Team:Linkoping/Software



Introduction

We set out to create a web tool with the intent of identifying novel pathological biomarkers. A large bottleneck within bioinformatics lies within the user's ability to integrate the proper methods within their analysis. Additionally, the learning curve of novice bioinformaticians today is very steep. By giving the user a plethora of customizable tools to do so and collecting them all in one web tool we hope to relieve this bottleneck and to generate significant results in an elegant fashion.

Complex diseases can not be explained by specific loci but are instead created through abnormalities in numerous genes. Disease modules are a way of visualizing the interactions and it structures pathological genes in a comprehensible way. By doing enrichment analysis on the generated disease modules one can start to pinpoint suitable biomarkers for disease. All whilst having the generated figures and data readily at hand if using our tool, making it useful for quick rendering alongside being experimental in nature.

Building a pipeline by yourself can be tedious and requires certain prerequisites. There are currently no efficient platforms and out there for creating disease modules and doing enrichments. We thought that customizability and user-friendliness were lacking and, the approachability of current systems was deemed too low. Drawing inspiration from a swiss army knife, that has several unique features, all whilst being sleek and easy to use. Elegantly simple yet complex. Some users might just use the big knife, some might use the scissors and even the toothpicks that always get overseen. Could we take inspiration from this?

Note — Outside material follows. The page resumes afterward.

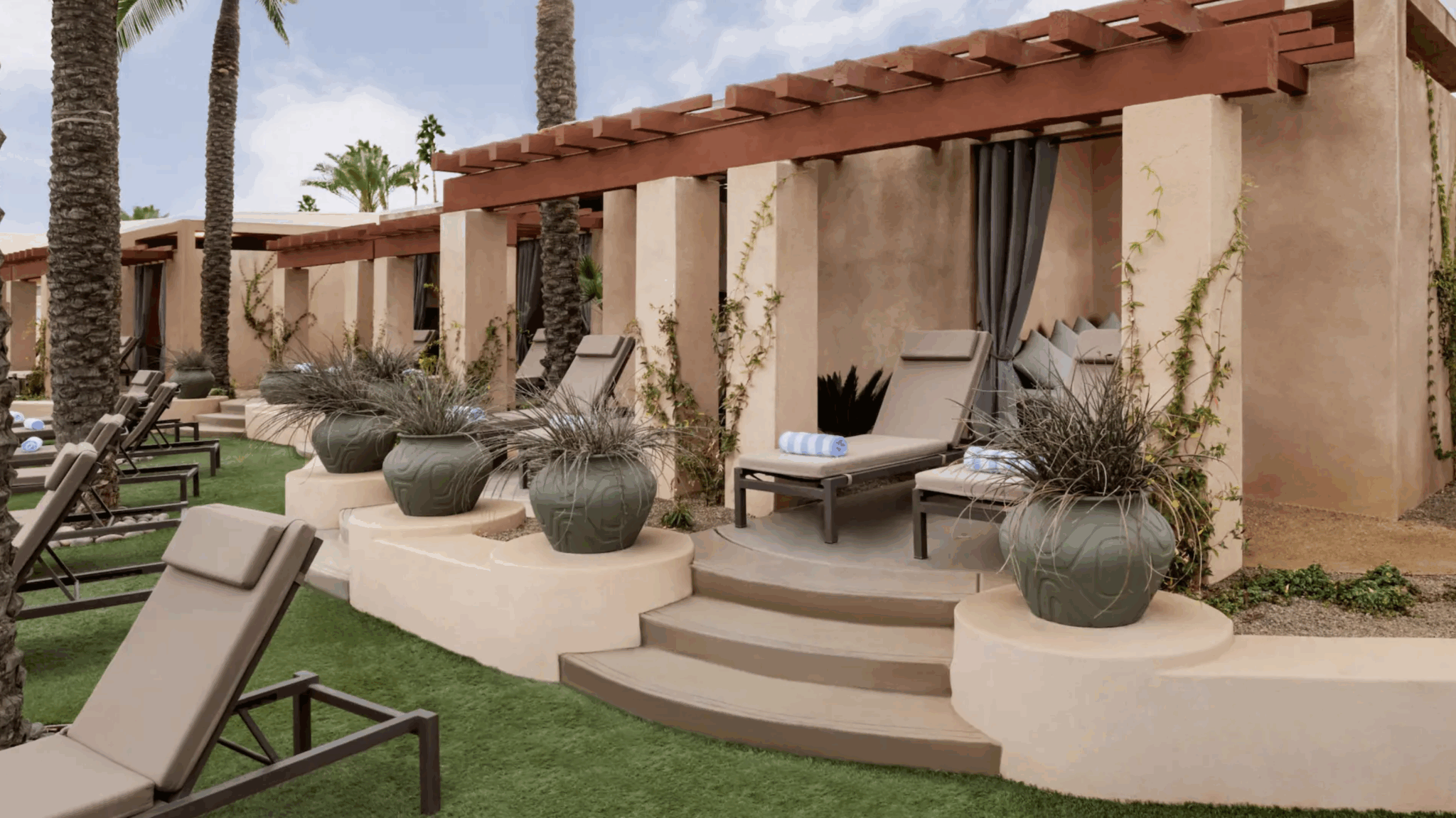 Escape to tranquility at Agua Serena Spa, a serene wellness retreat surrounded by desert palms and mountain views. This adults-only spa invites you to recharge with soothing treatments, private garden patios, and the calming sounds of flowing water.

The sophisticated existing methodology can be overwhelming if one is unfamiliar with the theory behind the decision making. This was our greatest hurdle to overcome, how can you develop a sophisticated web tool that can be used for novice and expert alike? And can it be stimulating for both types of users?



Overview of ClusteRsy

This is an overview of ClusteRsy. We have provided support to make sure that ClusteRsy can be operated as easily as possible. It consists of a front-page with information about the tool as well as buttons to our tutorial provided and to the user guide for more detailed information.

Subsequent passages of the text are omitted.